The Shortes's cabin was much more modern than I remembered it being. Yet some things were the same. Several of Shorty's paintings were on the walls. Sue told us there were not many of them. I shared that Mom had one that Shorty had given her, and that I would take a photo of it and email it to her. She was thrilled.
It was also on this trip that we went by to see Frances Williams. She was not in good health and died just a few months later. I was glad that we were able to see her before she died. As I mentioned in yesterday's post, I wanted to have a closer look at Frances's house, but it was not good timing. On this last trip to RR, my friend, Randy who bought Williams Trading Post, invited Joy and me in to see the house and store. I'm sure Frances's family had gone through things, but still, it was pretty much the way Frances had left it. Joy and I told Randy stories about Frances and Williams Trading Post, although he had his own memories. What kid who ever spent time in RR didn't have stories. Once in the house, I made a beeline for the paintings. Then I saw a painting on the wall that I was just pretty sure was one of Shorty's. I did not have my glasses and could not read the signature, but Joy, who is younger and has better eyes, saw that the painting said "W. Shortes." Both Joy and I began telling Randy who W. Shortes was and all about her. We told him Sue Davis had a cabin just up the road and would want to know about the painting. I was sure Sue would buy the painting from him. Randy said he had thought to gather all the art work and put it in the store for everyone to see. Since most of the art seemed to be done by locals, locals would appreciate it. He truly seemed to understand the historical significance of the place.
About that time, a car pulled into the driveway. Randy looked out and asked if we knew who the woman was. Joy and I looked and saw that it was Sue Davis. It was such a coincidence that we both squealed and rattled on about Sue, Shorty, Frances, etc. I'm sure Randy's head was spinning.
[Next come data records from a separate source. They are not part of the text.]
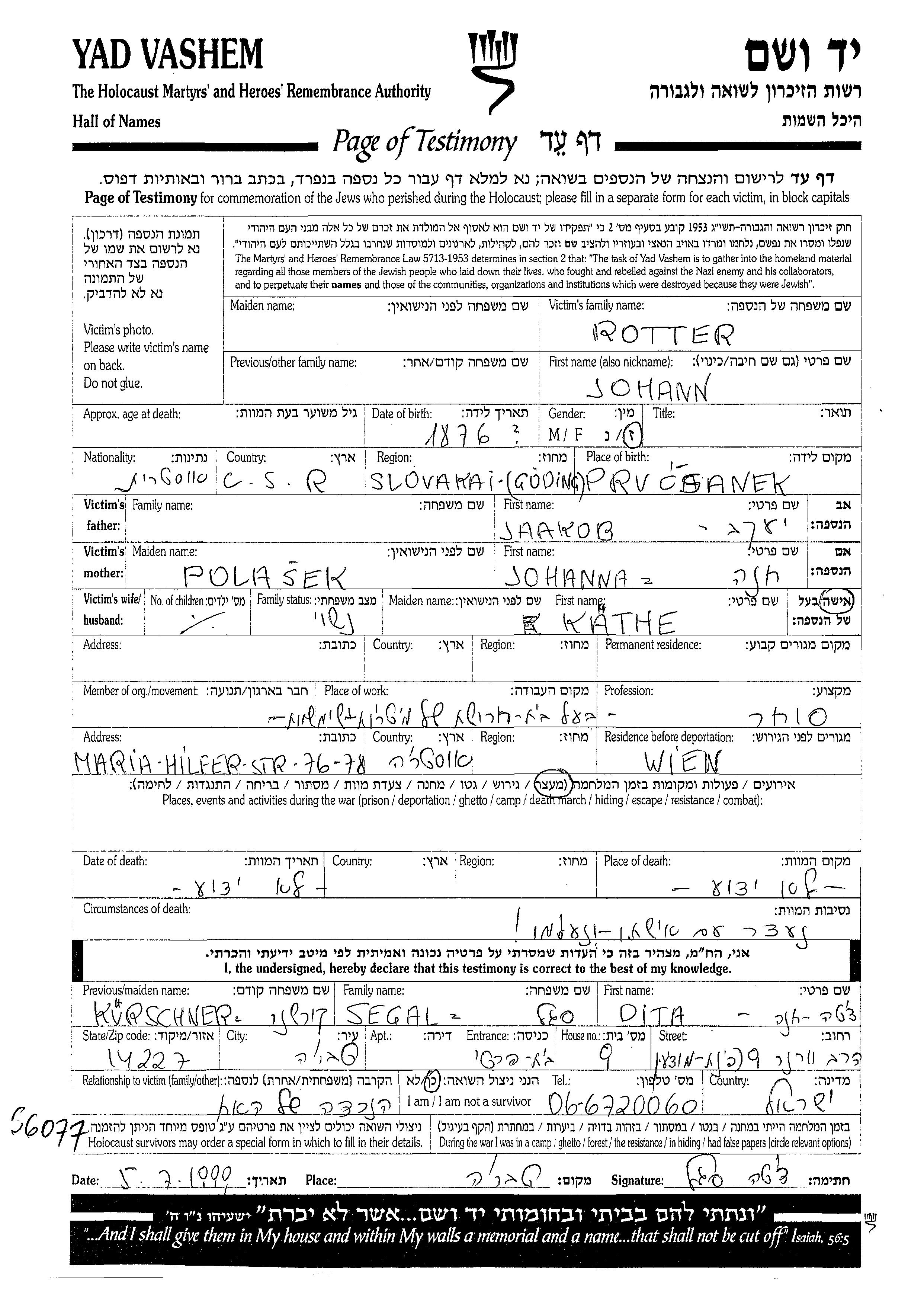 Yad Vashem - Pages of Testimony Names Memorial Collection
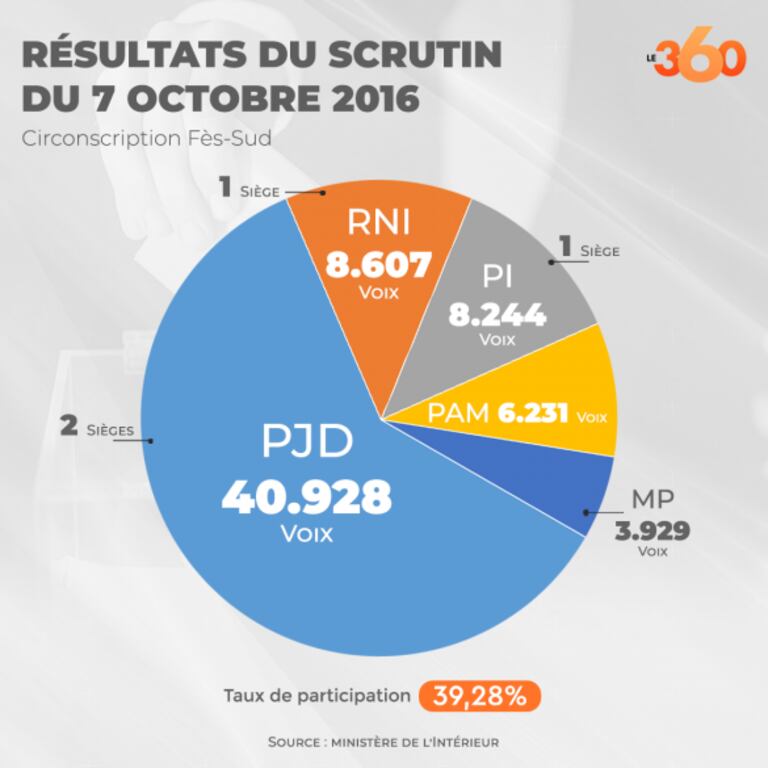 دائرة فاس-الجنوبية: هذا مثال على دائرة انتخابية من المحتمل جدا أن يخسر فيها حزب العدالة والتنمية مقعدا. منذ عام 2011، اعتاد الحزب ذي المرجعية الإسلامية على الفوز بمقعدين برلمانيين فيها من أصل أربعة. فسيكتفي فقط خلال هذه الانتخابات التشريعية ليوم 8 شتنبر على مقعد برلماني واحد. سنقدم فيما يلي عملية حسابية.
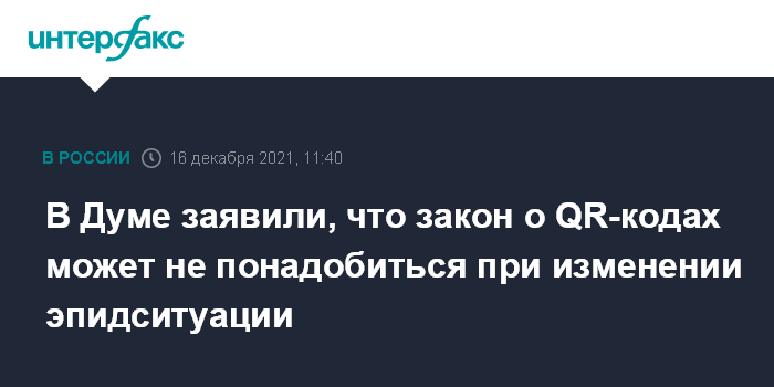 Москва. 16 декабря. INTERFAX.RU - Председатель комитета Госдумы по безопасности Василий Пискарев заявил, что судьба и действие законопроекта о QR-кодах для общественных мест зависит от эпидемиологической ситуации.
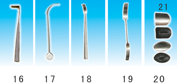 15、雙頭鋼批 16、鋼批提勾 17、榔頭鏟 18、鋼枇耙 19、萬能勾 20、蛋圓光子 21、直角光子
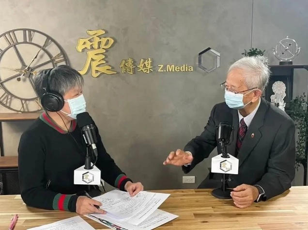 李远哲(右)在接受采访。
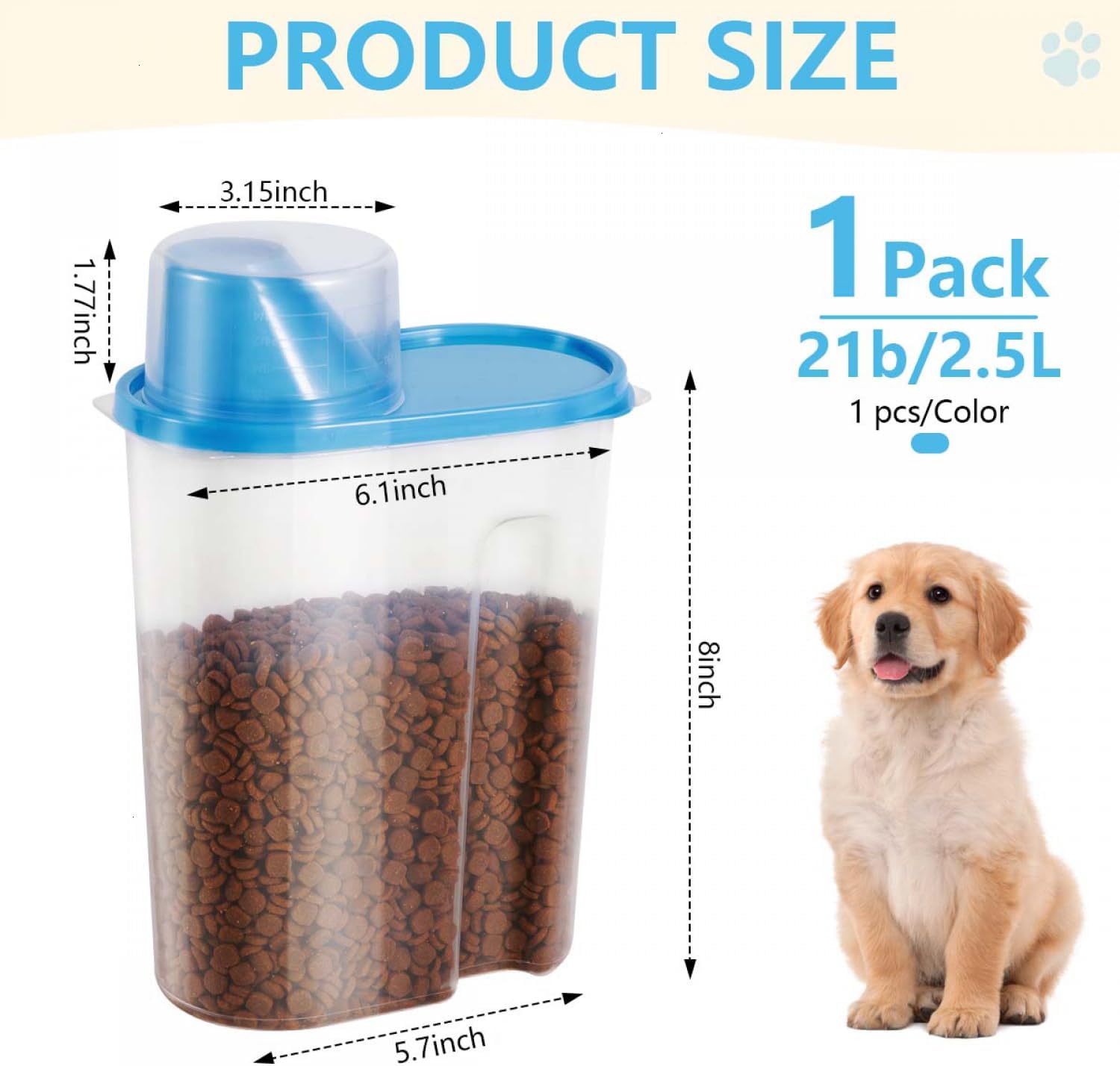 - More Capacity: After purchase, you will get 1 packs 2lb / 2.5L pet food storage container (blue), 6.3x4.13x14.17inch, which has a larger capacity than others and you can store more food for your pets

We met Sue out in the yard with lots of greetings and hugs. We introduced her to Randy, and she explained that she was looking for some notes that Frances wrote on the history of RR. Apparently Frances wrote down stories of her first years in RR on notebook paper. No one knew where the stories might have gone after Frances's death, and would Randy look for them as he went through the Williams' stuff. The RR Historical Society wanted to read and record the stories, but not take them. Then we invited Sue inside the house and showed her mother's painting. She was so excited to see it. Sometimes when Sue smiles, she puts her hand to her mouth the way Shorty did. Sue told of finding another painting of her mom's back in a closet at the RR library, and that she was glad to be able to get it back.
It was at that point that Randy said, "So your mother painted this painting?" and he pointed to the painting. Sue said yes. Randy walked over and took it off the wall and handed it to her. I thought she was going to cry. I know I was.
I know what Randy did was the right thing to do. That painting meant more to Sue than any of us. Shorty was not a well known artist - not even in RR - so the painting would not be worth lots of money. It was strictly sentimental. But still, if it had been in my possession, I'm not sure I could have given it up. For me it was worth lots. To Sue it was worth more. You did a great thang, Randy!